En las dictaduras conservadoras (Carrera en Guatemala, los López en Paraguay) la Iglesia trató
de aprovechar las ventajas que se le ofrecían, y no pareció enjuiciar los desmanes de los
déspotas cristianos. Pero es preciso no hablar de memoria: ¿quién es esa “Iglesia”? En
América Central y en Paraguay son unos pocos obispos, un clero ya diezmado y un pueblo
analfabeto y carente de educación cívica y de tradición política.
En los primeros 40 años del siglo XX continúa vigente el régimen de dictaduras. La de
Porfirio Díaz en México (1876-1911), la de Manuel Estrada Cabrera (1898-1920) y la de Jorge
Ubico (1931-1944) en Guatemala; la de Santos Zelaya (1893-1909) y la de los Somoza que
empieza en 1937, en Nicaragua; la de Rafael Leonidas Trujillo en la República Dominicana,
iniciada en 1930; la de Juan Vicente Gómez en Venezuela (1908-1935).
En el siglo XX, como herencia del siglo anterior, han actuado dictaduras primitivas, ilustradas,
despóticas, blandas; más sus variantes, orígenes y tipología hacen imposible una definición
basada en hechos históricos.
Frente a las dictaduras primitivas de Estrada Cabrera en Guatemala, o de Zelaya en Nicaragua,
¿era posible a la Iglesia adoptar posturas desafiantes?
El arzobispado de Guatemala (única jurisdicción eclesiástica del país) estuvo vacante por 30
años. Por eso el valiente arzobispo Ricardo Casanova al regresar de su destierro, adoptó una
actitud conciliadora y ello por realismo pastoral.
En México las relaciones del episcopado con Porfirio Díaz fueron correctas, y en algunos casos
amigables. Pero la Iglesia, como tal, difícilmente podía pronunciarse en forma oficial frente a la
instauración de una plutocracia voraz y egoísta que se iba adueñando de la riqueza del país.
Se acentuó, sí, a través de los congresos social católicos periódicamente celebrados. La
Iglesia, como persona jurídica, no tenía ningún reconocimiento oficial, y su aparato podía
desmontarse con sólo aplicar la constitución.
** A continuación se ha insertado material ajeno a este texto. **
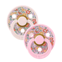 - Unique inspired BIBS pacifier with a round nipple.
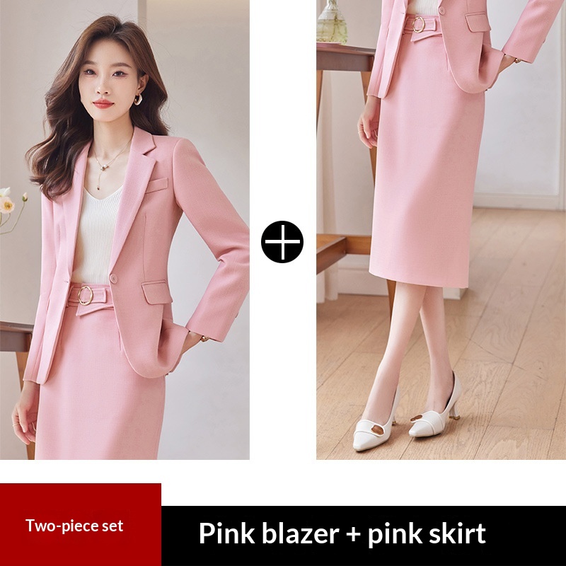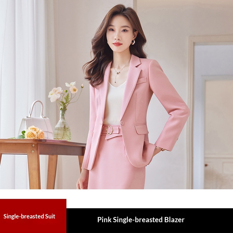 ChicShe Elegant And Small Jacket For Women OL Pink Suit Skirt High-Waisted Professional Two-Piece Set

En la primera mitad del siglo XX, se instauró la dictadura de Juan Vicente Gómez en
Venezuela. Por su duración y su ambigüedad religiosa, merece darle un espacio. Se usa el
trabajo de Mikel Viana.
La situación de la Iglesia en Venezuela, a inicios del siglo XX, era de devastación. Maradei la
llama “Iglesia en estado de coma”. La Iglesia, para las élites cultas, ya no tenía ni podía tener
ninguna significación social.
En 1904, se reunió la I Conferencia de obispos venezolanos, la cual emitió una “Instrucción
Pastoral” que sirvió de guión a la Iglesia venezolana por cinco decenios. Esta distinguía la
naturaleza y competencias de las “dos potestades”, su mutua cooperación y sus mutuos
deberes. El diagnóstico sobre la situación de la Iglesia se hacía en términos de debilidad
interna (ignorancia religiosa, escasa vida sacerdotal) y de asedio externo. La situación se debe
enfrentar con un plan de acción en que el clero reactive sus funciones catequéticas y culturales
y los fieles hagan efectiva la presencia de la Iglesia en los espacios sociales.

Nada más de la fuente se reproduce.